3 x Rashers of Streaky Bacon – chopped (or lardons)
Oil
1 x Small Onion – finely chopped
1 x Large Potato – peeled and cut into small cubes
350ml x Organic Chicken or Vegetable Stock
400ml x Milk
200g x Sweetcorn (frozen or tinned (drained))
Chives, snipped to make 2 tbps
Fry the bacon in a little oil in a pan – as soon as it starts to colour, add the onion and potato and cook until the onion starts to soften. Add the stock and milk and bring to a simmer. Cook for 5mins or until the potato is tender, then add the sweetcorn and heat. Season and stir in the chives.
My next recipe is Italian Stew with Borlotti Beans and Sausage, recipe courtesy of Slimmer Dinners, published by Olive Magazine January 2011.

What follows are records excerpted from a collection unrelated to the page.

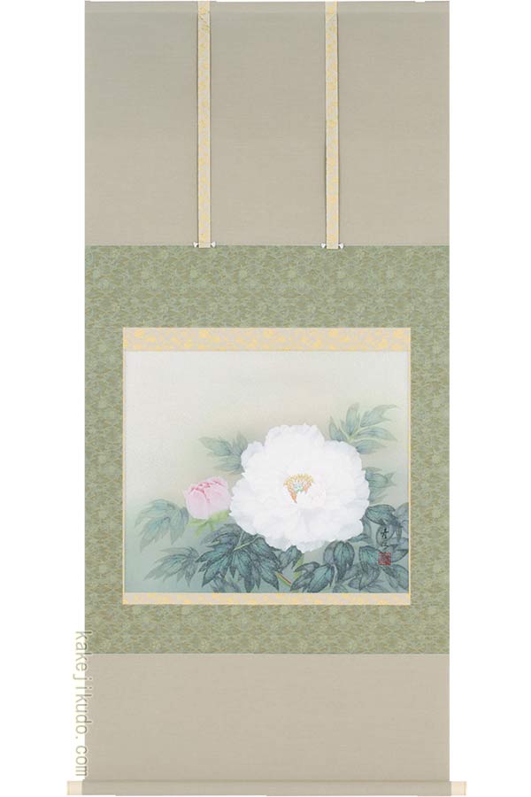 掛け軸 牡丹 (柳沢寿江) 送料無料 【掛軸】【一間床】【丈の短い掛軸】【花鳥画】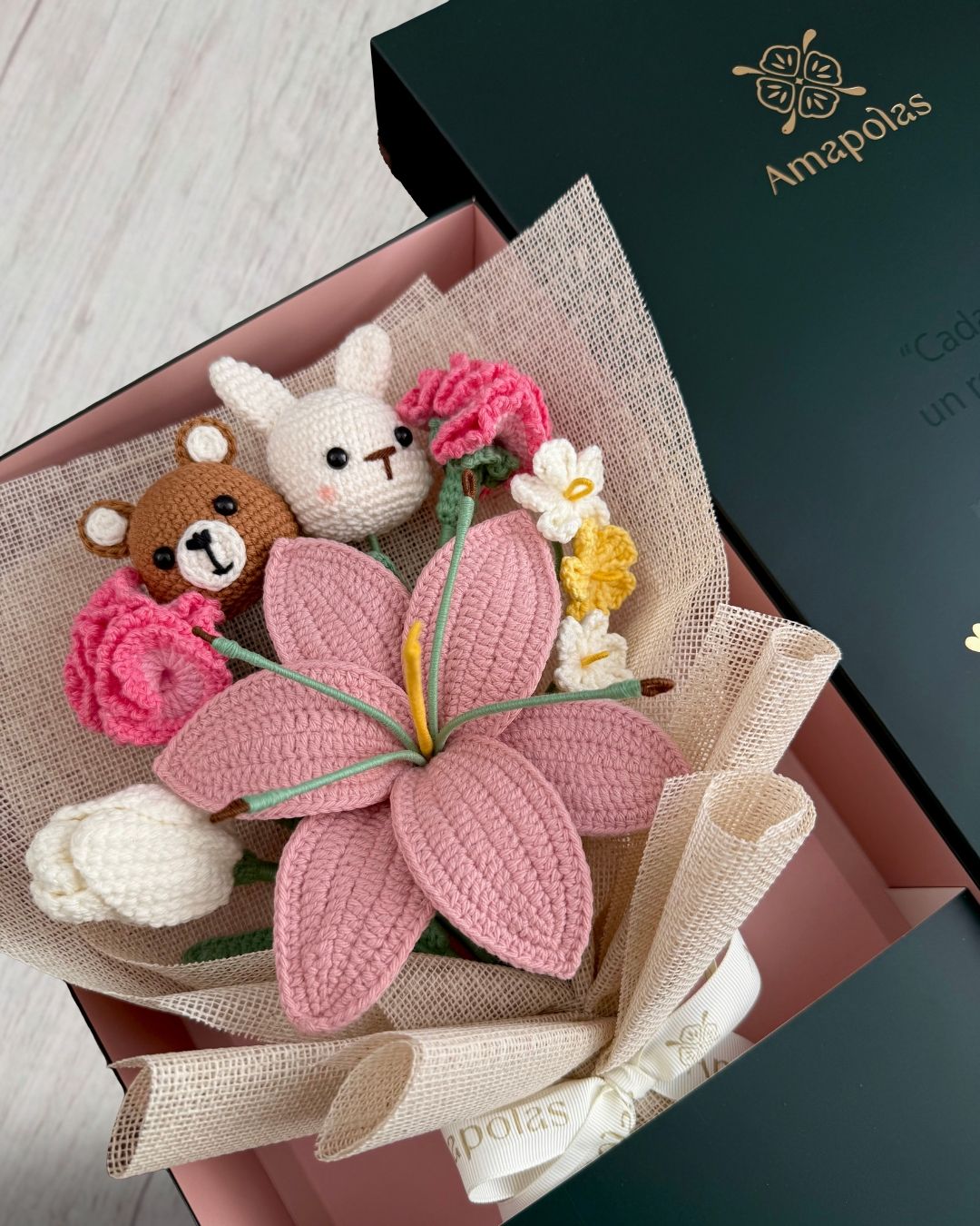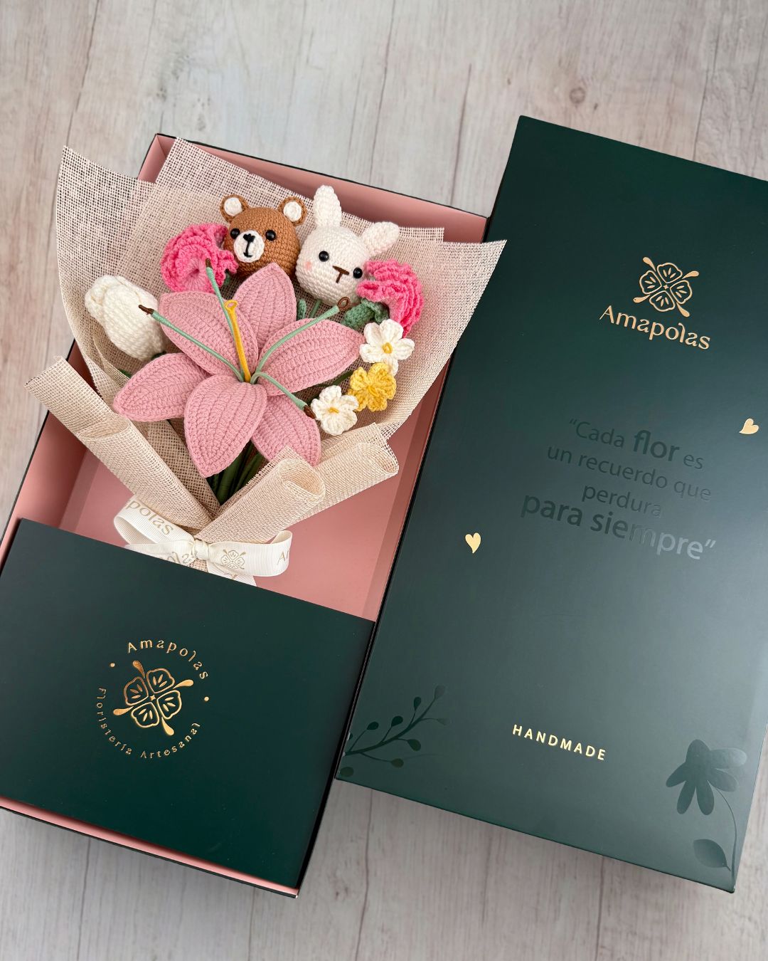 Radiante lirio tejido, junto a 2 hermosos claveles, 1 elegante tulipán tejido pétalo a pétalo, una adorable conejita y un tierno osito, junto a 4 mini flores tejidas realzando la belleza del ramo. Aromatizado con suaves fragancias florales, para una experiencia sensorial única y presentado en nuestra nueva caja GRAND DELUXE, diseñada para quienes buscan un impacto inolvidable.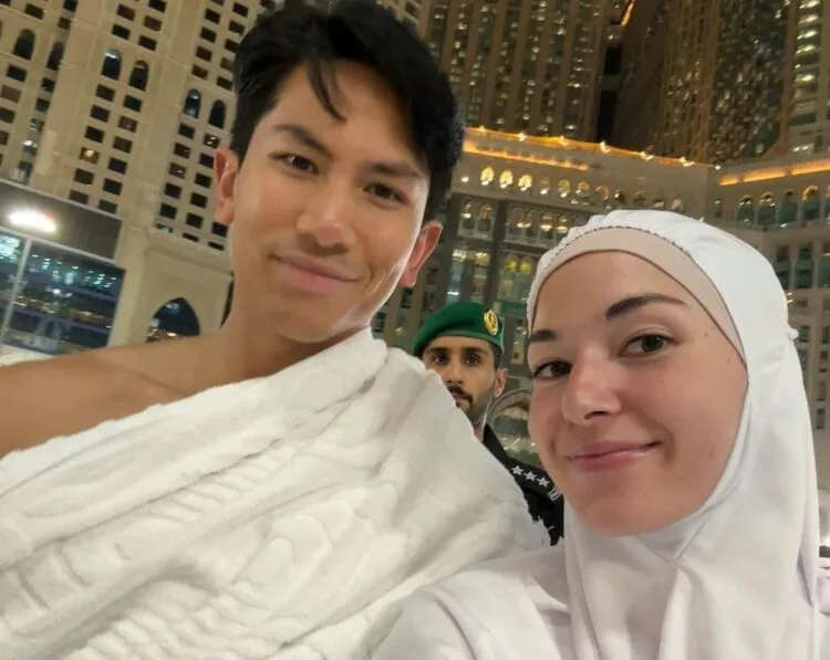 Putera Mateen menerusi hantaran di Instagram, yang lengkap mengenakan ihram turut memaparkan ‘selfie’ bersama Dayang Anisha yang anggun memakai telekung berwarna putih sewaktu berada di Tanah Suci Mekah.

This recipe serves 2, takes 5mins to prepare and can take 25mins to cook.
2 x Italian-Style Sausages – skins removed
Oil
1 x Onion – roughly chopped
1 x Garlic Clove – chopped
1/2 tsp x Fennel Seeds
A Pinch of Chilli Flakes
1 x 400g tin of Cherry Tomatoes
300ml x Organic Vegetable Stock or water
1 x 400g tin of Borlotti Beans – drained and rinsed
100g x Green Beans – trimmed and cut in half
Roll the sausagemeat into little balls. Heat a non-stick frying pan sprayed or brushed with oil and brown the meatballs until golden and any oil is released. Remove the sausage and add the onion, garlic and fennel seeds to the pan, along with chilli flakes and some seasoning. Cook for 5mins and then add the cherry tomatoes with 300ml of water or stock. Bring to a simmer and add the Borlotti beans and meatballs. Cook for 10mins then add the green beans. Cook for 5mins more until the beans are tender, then serve.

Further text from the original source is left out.